The adjustment program being shaped at present by the energy ministry, viewing the effort as a wider form of intervention, aims to utilize the potential offered by EU guidelines for the protection of energy-intensive industry as well as consumers and sectors of the economy requiring support.

The primary objective of the EU directives, issued in April, 2014, is to produce measures that will bolster the level of competitiveness of Europe’s energy-intensive industry and also help offset the weakening effects – on industry – caused by climate change policies.

The EU guidelines include setting an upper limit for RES-supporting surcharges to be paid by enterprises regarded as electro-intensive. This upper limit is specified as 0.5 percent of each enterprise’s economic value added if the enterprise’s electricity costs exceed 20 percent of its total expenses. A RES-supporting surcharge upper limit of 4 percent of an enterprise’s economic value added has been specifed for enterprises whose electricity costs represent more than 10 percent of total expenses.

Adopting these upper limits will benefit the major electro-intensive industrial enterprises active in sectors such as metal, steel and cement, as well as numerous medium-voltage enterprises.
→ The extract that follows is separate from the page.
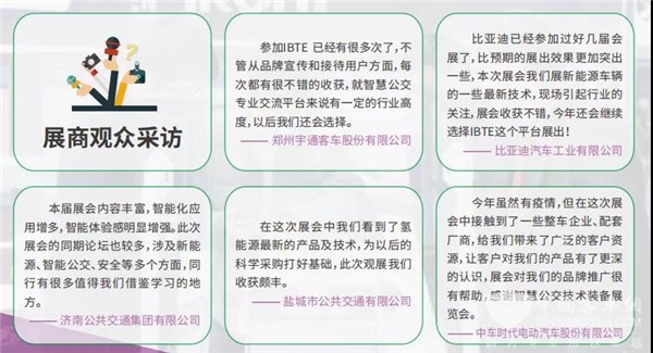 每年都参加这个展会,在各种细节方面,都明显地感觉到主办方的用心。展会期间了解到了公交客车行业的最新发展动向,同时也对例如氢燃料、轻量化、智能化等做了信息的收集,更为重要的是对以后客车业的发展有了更加清晰的判断。 ——上海燃料电池汽车商业化促进中心

Another advantage of this measure is that its implementation will not automatically apply to all major enterprises, but only those that are truly energy-intensive, allowing for a finer-tuned industrial policy.

Of course, the energy ministry faces the tricky task of implementing these EU guidelines to benefit energy-intensive enterprises without raising the ETMEAR surcharge for other consumer categories, or, more specifically, those whose ETMEAR level is below the weighted average price. Major medium-voltage consumers such as hotels, retail chains, and banks, as well as low-intensity industrial enterprises and farmers, all belong to this category.

According to energypress sources, the energy ministry will seek to achieve an appropriately balanced plan that will maintain the beneficial treatment offered to the major medium-voltage consumers at present. “The agricultural sector, railways, mines, hospitals, and universities are all national industries, in a sense, and need to be protected,” an energy sector authority told energypress, offering a rough idea as to how the ETMEAR surcharge’s distribution will be shaped.